Protein Chicken Bowl Recipe
Meet my Protein Chicken Bowl Recipe that contains exactly zero chicken because we’re classy vegan queens rescuing dinner and dignity.
I create this powerful bowl to keep you full and fabulous without begging your metabolism to behave like a confused roommate.

Protein Chicken Bowl Recipe
Ingredients
- 1 cup cooked chickpeas protein hero
- ½ cup cooked quinoa
- 1 cup mixed veggies bell peppers, carrots, beans
- 1 tablespoon olive oil
- 1 teaspoon soy sauce
- ½ teaspoon smoked paprika
- ½ teaspoon garlic powder
- ¼ teaspoon black pepper
- ¼ teaspoon salt
- 1 tablespoon lemon juice
- 1 tablespoon toasted sesame seeds
Instructions
- Heat a skillet over medium flame and drizzle 1 tablespoon olive oil.
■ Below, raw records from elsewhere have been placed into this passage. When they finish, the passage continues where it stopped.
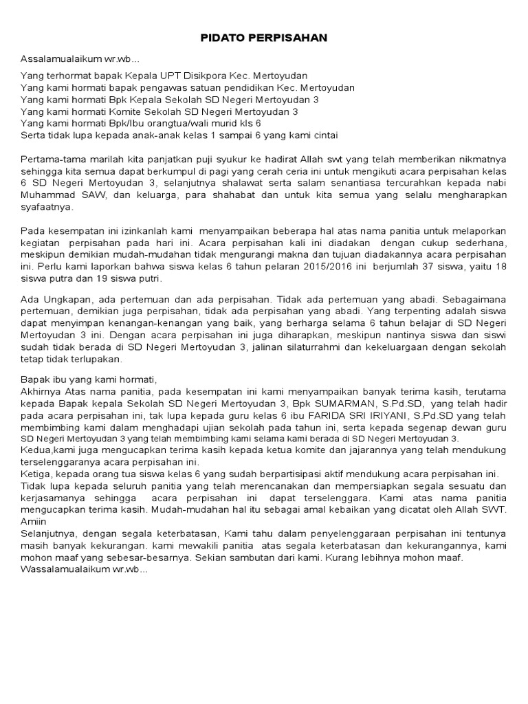 Contoh pidato perpisahan kelas 6. Pertama tama marilah kita panjatkan puji syukur kepada kehadirat allah swt atas limpahan karunia dan juga rahmat kita semua dapat hadir dan berkumpul di aula ini. Contoh pidato perpisahan kelas 6. Assalamu alaikum warahmatullahi wabarakatuh. Pidato perpisahan sekolah sekolahpidato perpisahan sekolah adalah kata sambutan yang berisikan tentang ucapan perpisahan yang disampaikan oleh siswa alumni kepada gurunya. Di bawah ini adalah contoh pidato perpisahan kelas 6 sd yang panjang singkat dan mudah dihafal yang dapat anda gunakan sebagai panduan untuk mempersiapkan naskah.
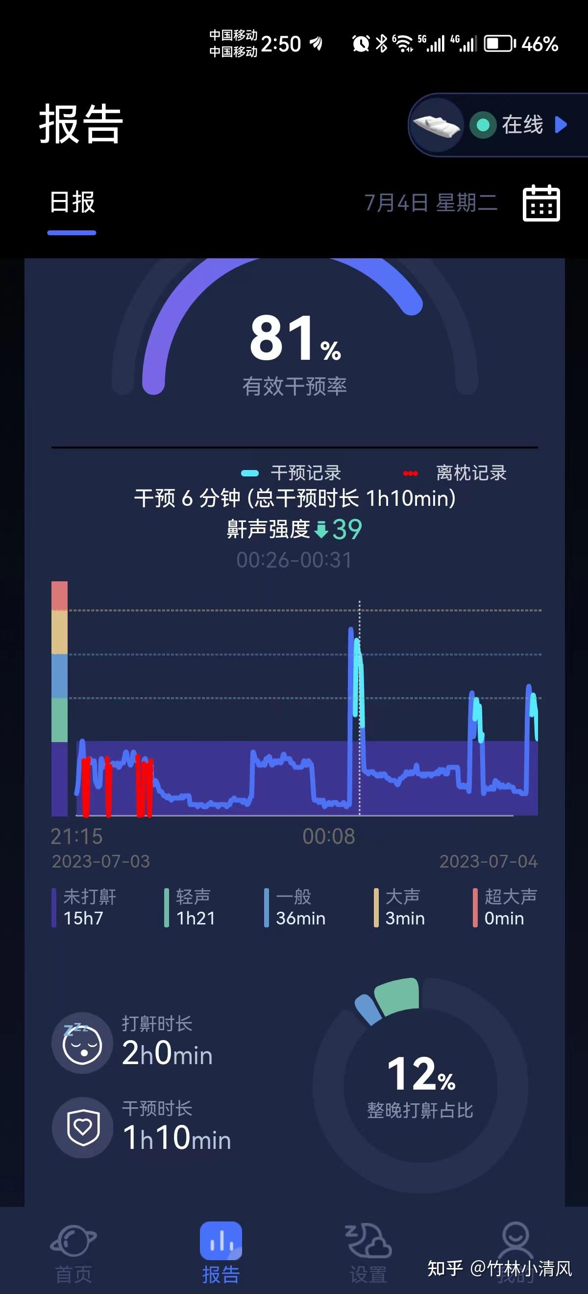 2023.7.4 睡眠12小时,总打鼾时长不足2小时。整晚打鼾占比只有12%,打鼾率(打鼾总时长眠总时长)从原来的27.82%下降至7%,效果很显著!
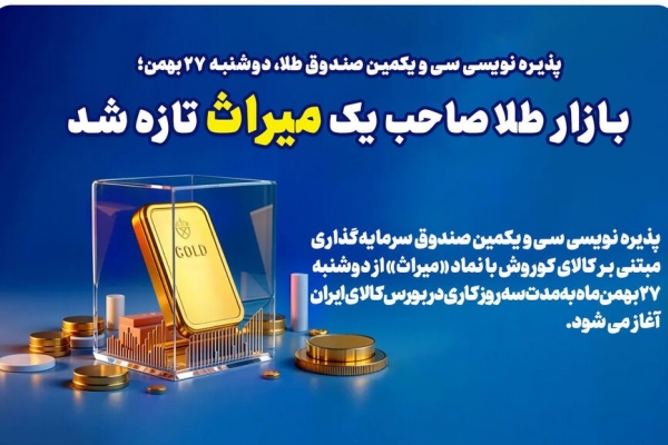 پذیرهنویسی سی و یکمین صندوق سرمایه گذاری مبتنی بر کالای کوروش با نماد «میراث» از دوشنبه ۲۷ بهمن ماه به مدت سه روز کاری در بورس کالای ایران آغاز می شود.
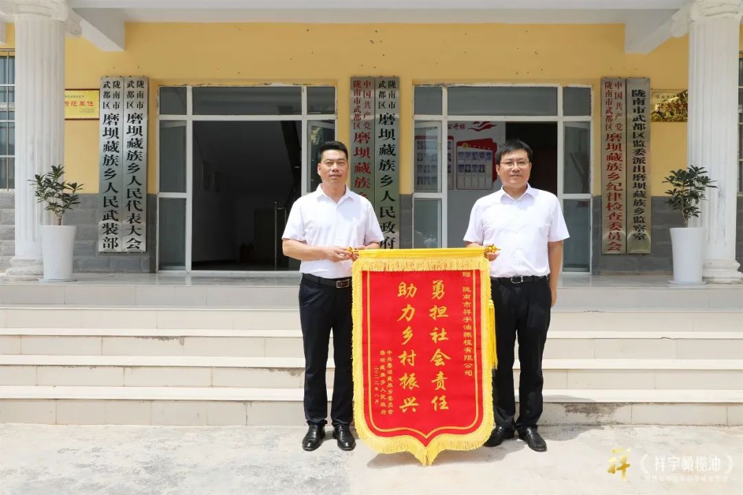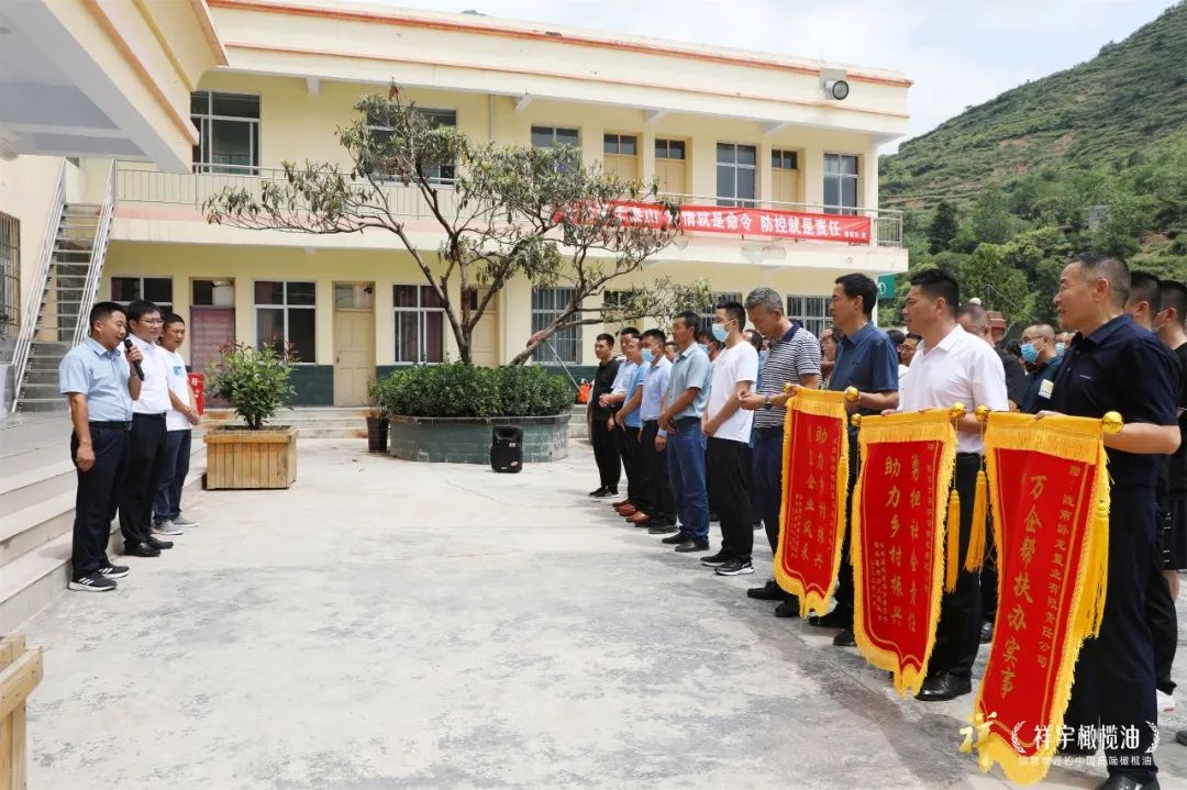 捐贈儀式結束后磨壩鄉(xiāng)政府向祥宇公司回贈了錦旗以表示感謝
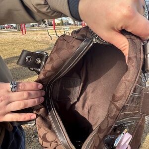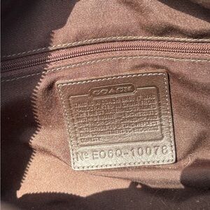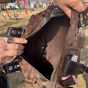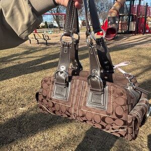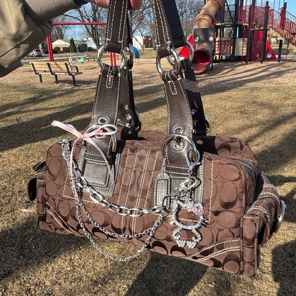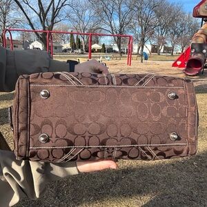 Stylish Coach handbag. Rich brown color. Silver chain details. Perfect for any occasion.
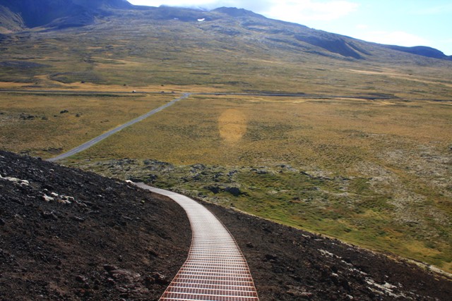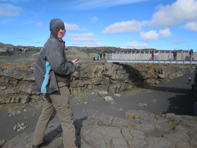 Következő megállónk a Két földrész híd. A felszínen lévő tektonikus hasadékvölgy egyik fele geológiailag eurázsiai eredetű, a másik oldal észak-amerikai származású, ezt kötötték össze egy gyalogbürüvel. Néhány lépéssel és némi fantáziával kontinensnyi távolságot tehetünk meg.
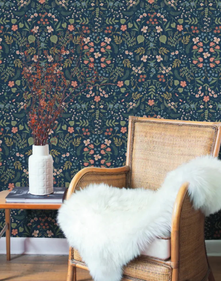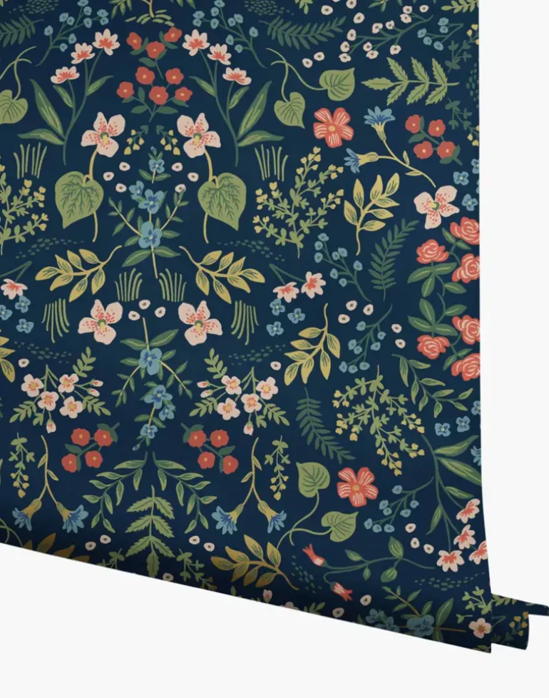 Wildwood is a deliberately-placed pattern of wildflowers and greenery, creating a detailed, natural floral design, inspired by antique botanical drawings. This wallpaper is screen printed and comes in 27 inch rolls with a 25.25 inch repeat
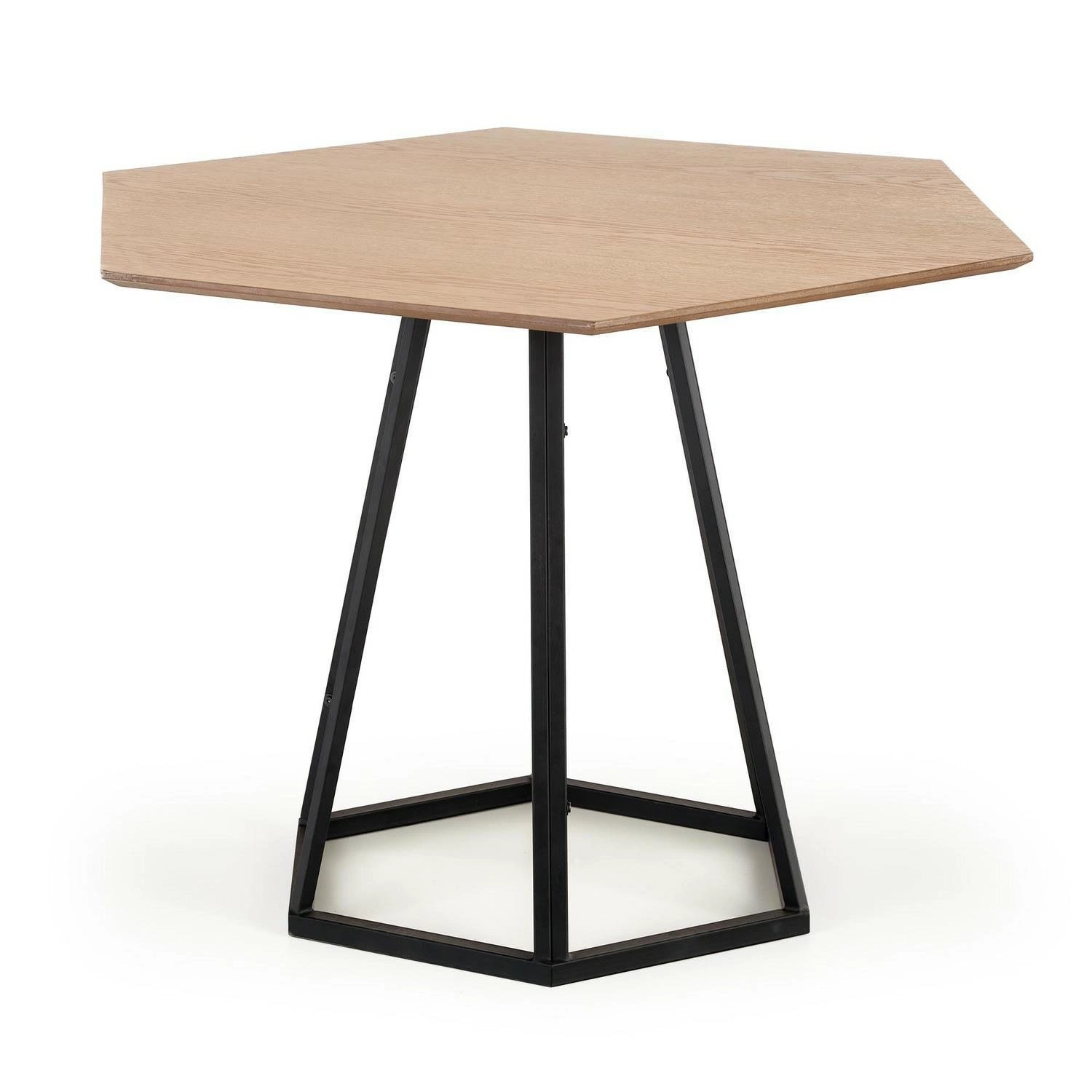 Stůl Hexis je kus nábytku s výjimečným designem a funkčností. Jeho šestihranná stolová deska o průměru 110 cm z MDF s dýhou v přírodní barvě mu dodává přirozený půvab a eleganci. Noha stolu z práškově lakované oceli je černá, což vytváří kontrastní barevnou kombinaci.

- Add 1 cup mixed veggies and sauté for 4 minutes until lightly crisp.
- Stir in 1 cup cooked chickpeas and mix well.
- Season with ½ teaspoon smoked paprika, ½ teaspoon garlic powder, ¼ teaspoon black pepper, and ¼ teaspoon salt.
- Add ½ cup cooked quinoa and 1 teaspoon soy sauce.
- Toss everything until warm and fragrant.
- Finish with 1 tablespoon lemon juice and toasted sesame seeds.
- Serve hot in a bowl and enjoy your vegan “Protein Chicken Bowl” that contains absolutely no poultry drama.
Notes
Nutritional Values (Per Serving)
Calories: 310Total Fat: 9g
Saturated Fat: 1.1g
Carbohydrates: 45g
Fiber: 9g
Protein: 13g
Vitamins & Minerals (Per Serving, % Daily Value)
Vitamin A: 18%Vitamin C: 22%
Iron: 16%
Magnesium: 13%
Potassium: 11%
Additional Notes / Tips
- Add avocado slices for creamy richness without guilt.
- Swap quinoa with brown rice if you want more carbs and more emotional support.
- A dash of hot sauce elevates everything—especially your mood.